Him: What dat mouth do?
Me: Cookie Monsters a box of mini corn dogs.
Husband who is bathing dogs in the bathtub asked if I wanted to join them & I wish I could say this is the weirdest offer I’ve had all day
I recently learned that German Chocolate Cake is made with coconuts. Not everyone likes coconuts. Not one person at the party we were at liked that cake I got. Especially not my wife, whose birthday we were celebrating.
Me: (Sneezes)
Microchip in my left arm: Bless you
Might send husband a nude so he’ll come upstairs. Then I’ll make him help with the laundry.
Me: *walks to counter* One large fry.
Cashier: Sir, there’s a line.
Me: Oh, they’re not with me.
Her: I’m breaking up with you
Me: Don’t leave me oh please! Why?
Her: It’s the way you have to arrange every sentence you say alphabetically, it’s weird.
Me: No oh 🙁
me: why do you think my parents don’t love me?
therapist: they’re pretty clear about it in the group chat
me: the what
Show me a woman in a Tweety Bird t-shirt and I’ll show you a woman who shoplifts in the grocery store.
11: dad do you know what 3+3+3+3 is?
Me: 12
11:
Me:
11: ok I was just making sure that you’re not –
Me: choose your next words wisely.
The most dangerous piece of machinery a person can operate while drinking is the telephone
I call realtors advertising on bus stop benches and ask them the bus schedule.
And y’all thought 2020 was going to be the worst year
I went on a date in 2003 with a lady who talked exclusively about how great she was, so I started to agree and then add fun facts about the Thundercats. She didn’t notice, but told me I was a great listener and her friends that I didn’t try to kiss her because I’m gay.

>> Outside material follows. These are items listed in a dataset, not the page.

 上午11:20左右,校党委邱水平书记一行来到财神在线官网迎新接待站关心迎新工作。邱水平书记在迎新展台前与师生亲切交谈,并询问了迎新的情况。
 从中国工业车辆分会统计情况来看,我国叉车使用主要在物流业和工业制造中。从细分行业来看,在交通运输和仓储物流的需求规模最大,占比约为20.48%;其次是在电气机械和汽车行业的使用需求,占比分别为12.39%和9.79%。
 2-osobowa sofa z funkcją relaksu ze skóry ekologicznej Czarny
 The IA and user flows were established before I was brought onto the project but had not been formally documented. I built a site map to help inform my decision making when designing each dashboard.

I always wondered if the distinct piss smell that Burger King is known for is authentic or if it’s just a spray they use.
Good one computer geniuses, you made everything “user friendly” and “intuitive” and now idiots are on the internet commenting on everything.

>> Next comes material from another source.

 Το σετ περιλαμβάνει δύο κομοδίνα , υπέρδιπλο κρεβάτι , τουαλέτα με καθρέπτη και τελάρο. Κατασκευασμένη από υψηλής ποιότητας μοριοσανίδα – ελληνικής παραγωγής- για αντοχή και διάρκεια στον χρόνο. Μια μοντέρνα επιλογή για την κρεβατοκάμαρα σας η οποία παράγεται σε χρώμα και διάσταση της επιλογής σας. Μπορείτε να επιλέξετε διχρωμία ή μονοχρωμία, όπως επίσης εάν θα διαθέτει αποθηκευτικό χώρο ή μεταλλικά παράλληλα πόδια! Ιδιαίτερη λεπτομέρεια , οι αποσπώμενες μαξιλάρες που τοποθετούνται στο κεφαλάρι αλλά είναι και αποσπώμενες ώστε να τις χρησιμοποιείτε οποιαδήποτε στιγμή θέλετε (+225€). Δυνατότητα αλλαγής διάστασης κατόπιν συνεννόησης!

*First day as a forest ranger*
Me: *using radio* I found a badly mangled buck out here
Boss: That means there’s a bear nearby
Me: Yep *narrows eyes* and it hates money
When jogging, if i get tired, I insult the people i pass in my head & then imagine having to get away as they chase me…
Please stop saying “There are plenty of fish in the sea”. I’m sick of having sex with fish!!
Shout out to the zillow listing where someone was just like eff it, the giant bottle of vodka stays in the kitchen pic
[first day as coast guard]
Boss: 7 people died on your watch today
Me [looking off into the distance]: yes but the coast is fine
cashier: would you like to donate to help fight kids—
me: lemme stop you right there. yes
There is a mosquito that has been trailing me for two days. I’ve swatted and clapped but it has proven to be the stronger of us both. It’s time to give in to my place on the food chain
Friends: Come have a drink with us!
Me: Nah, I’m not doing that anymore.
Friends: C’mon, just one!
Me: Okay, maybe just one…
[ 11 drinks later ]
Me:
How to get out of jury duty: When they read the charges, yell out “Hell yeah! I’ve done that.”
Mom was disappointed there were no fights on her flight. I gave her some tips for the return flight.